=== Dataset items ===

_ _ _ _ _

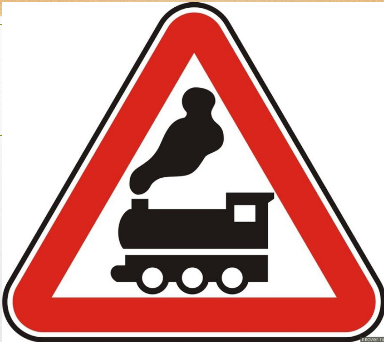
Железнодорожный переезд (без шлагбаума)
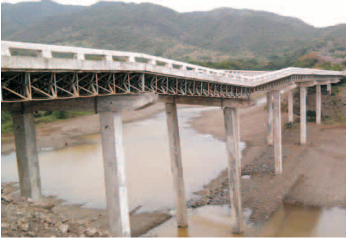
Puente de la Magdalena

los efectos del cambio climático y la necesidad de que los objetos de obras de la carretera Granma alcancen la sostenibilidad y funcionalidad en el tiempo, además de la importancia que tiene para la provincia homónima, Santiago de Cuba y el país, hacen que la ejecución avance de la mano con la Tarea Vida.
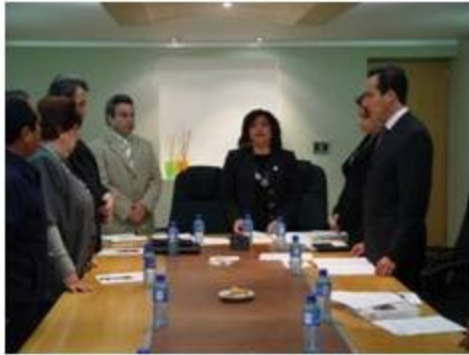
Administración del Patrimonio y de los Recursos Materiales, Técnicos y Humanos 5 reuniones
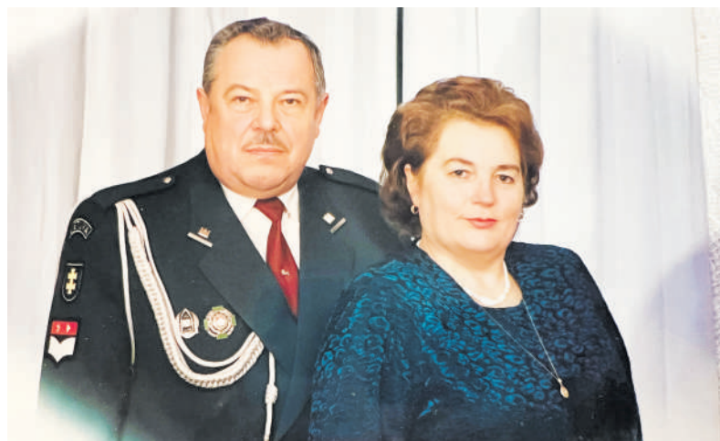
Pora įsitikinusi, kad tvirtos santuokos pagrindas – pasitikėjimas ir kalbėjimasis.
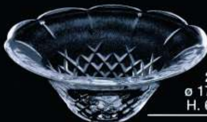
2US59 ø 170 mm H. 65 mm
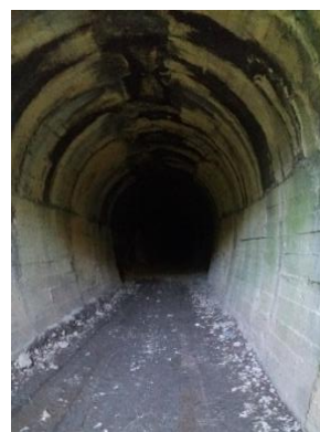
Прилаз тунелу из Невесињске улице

_ _ _ _ _

=== Exercise instructions ===
Word-for-word output of every record is needed, with images omitted.

=== Answer for this exercise ===
Железнодорожный переезд (без шлагбаума)
Puente de la Magdalena

los efectos del cambio climático y la necesidad de que los objetos de obras de la carretera Granma alcancen la sostenibilidad y funcionalidad en el tiempo, además de la importancia que tiene para la provincia homónima, Santiago de Cuba y el país, hacen que la ejecución avance de la mano con la Tarea Vida.
Administración del Patrimonio y de los Recursos Materiales, Técnicos y Humanos 5 reuniones
Pora įsitikinusi, kad tvirtos santuokos pagrindas – pasitikėjimas ir kalbėjimasis.
2US59 ø 170 mm H. 65 mm
Прилаз тунелу из Невесињске улице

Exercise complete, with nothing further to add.